You answered your own question.........


----------



## Blackhawkman (Apr 9, 2014)

You haven't handled a Glock 19 or 17 yet? try the glock too!


----------



## pblanc (Mar 3, 2015)

The SIG-Sauer P229 is one of my favorite handguns, probably my favorite all-metal DA/SA pistol, and I like the Beretta 92FS a lot, so that is saying something.

The Legion P229 has some very nice features compared to the regular P229 and some I don't like as much. Some have complained about rapid wear of the finish on Legions. I do not like the miniaturized decocker and slide catch levers that come on the DA/SA Legions. They are harder to use and the regular sized ones are really not obtrusive. I also don't care for the beavertail. The beavertail is attenuated compared to that of the Elite series, but it is still unnecessary IMO. The tang on the regular P229 is plenty big enough to protect the hand from hammer or slide bite and control recoil. The Legion beavertail might look nice, but adds weight, length, and "snagability" and really doesn't add anything in return.

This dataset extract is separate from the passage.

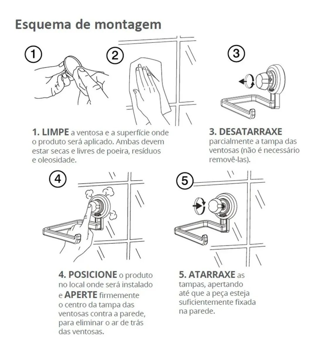 Lembre-se de remover e reaplicar o produto a cada 3 meses para garantir a fixação ideal. Nunca utilize o gancho para acomodar peso superior a 3 Kg ou objetos frágeis e de valor.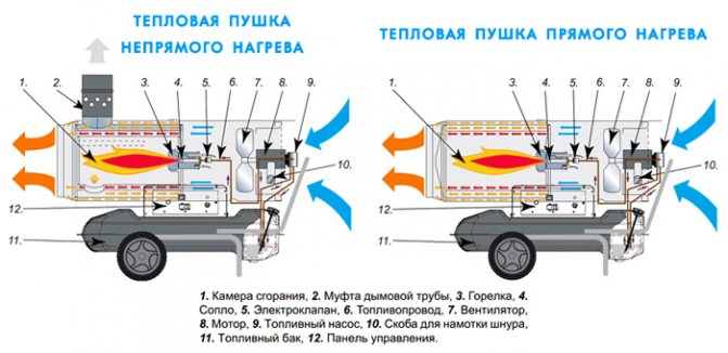 La première option est utilisée plus largement, par exemple, pour le chauffage des locaux civils, industriels, d'entrepôt, agricoles et domestiques. Cela est dû au fait que la conception prévoit une cheminée à travers laquelle les produits de combustion sont évacués. C'est pourquoi ce type de pistolet thermique est utilisé dans les locaux d'habitation.

On the other hand, the P226 and 229 Legion DA/SA has very nice trigger action with short reset trigger sear and a Grayguns P-SAIT trigger which is probably nicer for most shooters than either the stock P series trigger or the SIG reduced reach trigger. The internals are phosphate-coated. The X Ray sights are nicer than the stock SIGLITE night sights and I prefer the G10 grips to both the stock P series grips or the E2 grip. The relief on the frame at the rear of the trigger guard is nice but I'm not sure how much it affects my grip. Likewise, the cocking serrations on the front of the slide, additional checkering on the front and undersurface of the trigger guard, and on the front strap, probably benefit some shooters.

Of course, many of the Legion features such as SRT kit, P-SAIT trigger, X Ray sights, and G10 grips can be added to any P229 that does not have them already.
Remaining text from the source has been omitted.